Di akar rumput, terjadi rivalitas antara konservatif pro-militer dengan pendukung demokrasi yang disokong kelas menengah dan bawah yang khawatir dengan kepemimpinan sang mantan jenderal.
Kritik yang berhembus menyatakan Chan-o-cha dianggap kurang mempunyai visi sebagai pemimpin sipil. Dia dianggap gagal menghidupkan kembali ekonomi Thailand.
Selain itu, petahana berusia 65 tahun tersebut juga dianggap tak bisa menjembatani ketidaksetaraan hingga memulihkan perpecahan politik yang terjadi.

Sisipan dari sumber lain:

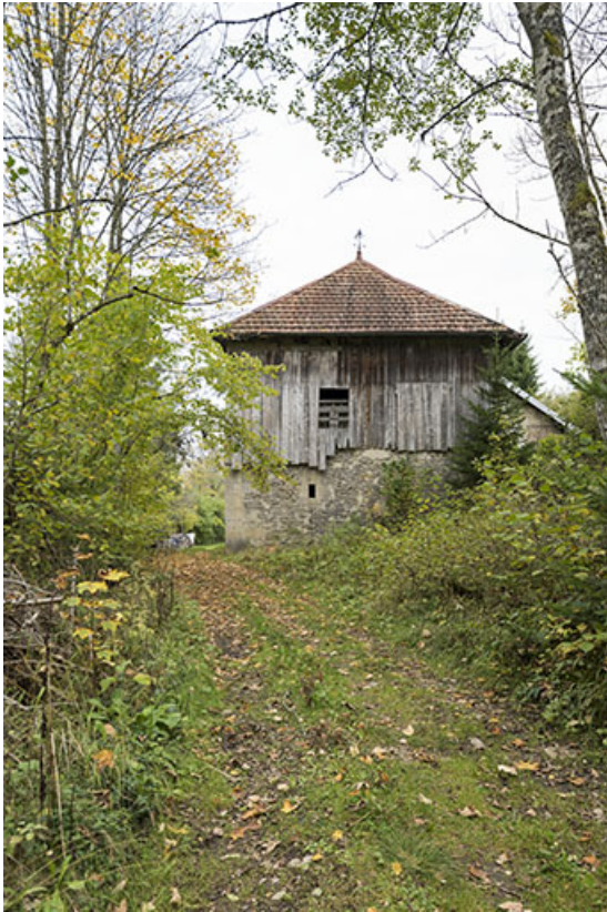
Scierie : façade sud.

25, Montlebon, 17 rue du Moulin, lieudit : Cornabey
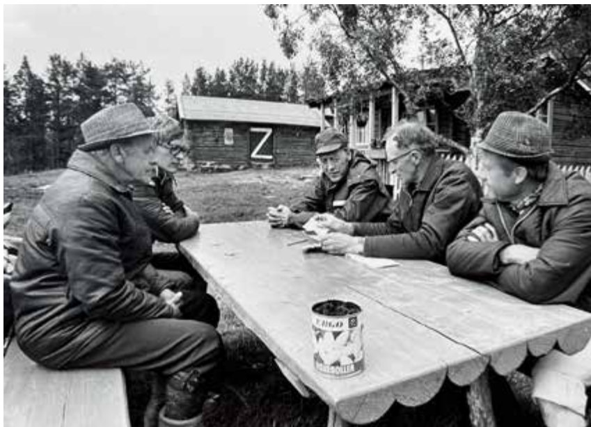
Daværende statsminister Odvar Nordli besøkte Haugen på syttitallet.
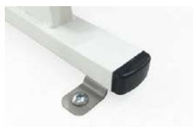
■ S-KJ-D002-T-AN 固定用アンカー 1台用セット コンセントタップ付タイプ ¥ 11,000

※両面ナーステーブルは必ず床面に固定して ご使用ください。 ※表示価格に施工費は含まれておりません。
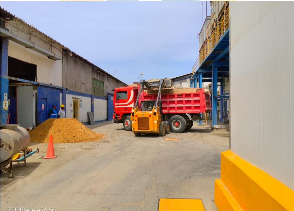
ZTE Blade A76 5G
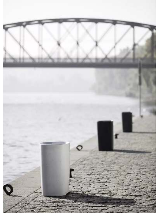
Abfallbehälter BETTER in hell- und dunkelgrau
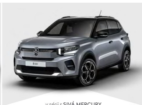
v sérii s SIVÁ MERCURY

Setelah pemilihan, Juangroongruangkit menyatakan dia bakal "bekerja keras" untuk membentuk front demokrasi.
"Diktator tidak akan bisa menahan guncangan angin selamanya," tegas dia.
Dengan kritikan tajamnya terhadap militer maupun konservatif, miliuner berumur 40 tahun tersebut sering dianggap sebagai ancaman kuat bagi pihak yang berkuasa.
Meski begitu, kasus hukum yang menjeratnya membuat Juangroongruangkit terancam mendapat larangan berpolitik.
Atau yang paling parah, dijebloskan ke penjara. Para analis mengungkapkan Chan-o-cha, seorang figur militer yang tidak terbiasa untuk berdebat maupun membangun konsensus, bakal mempunyai banyak pekerjaan.
Para pengkritiknya seperti anggota parlemen Cholnan Srikeo menuturkan Chan-o-cha adalah sosok empunya "ide usang" yang justru berpotensi membahayakan negara.
Namun para pendukungnya memuji Chan-o-cha sebagai sosok yang bisa membawa Thailand dari krisis politik. Salah satunya Mongkolkit Suksintharanon.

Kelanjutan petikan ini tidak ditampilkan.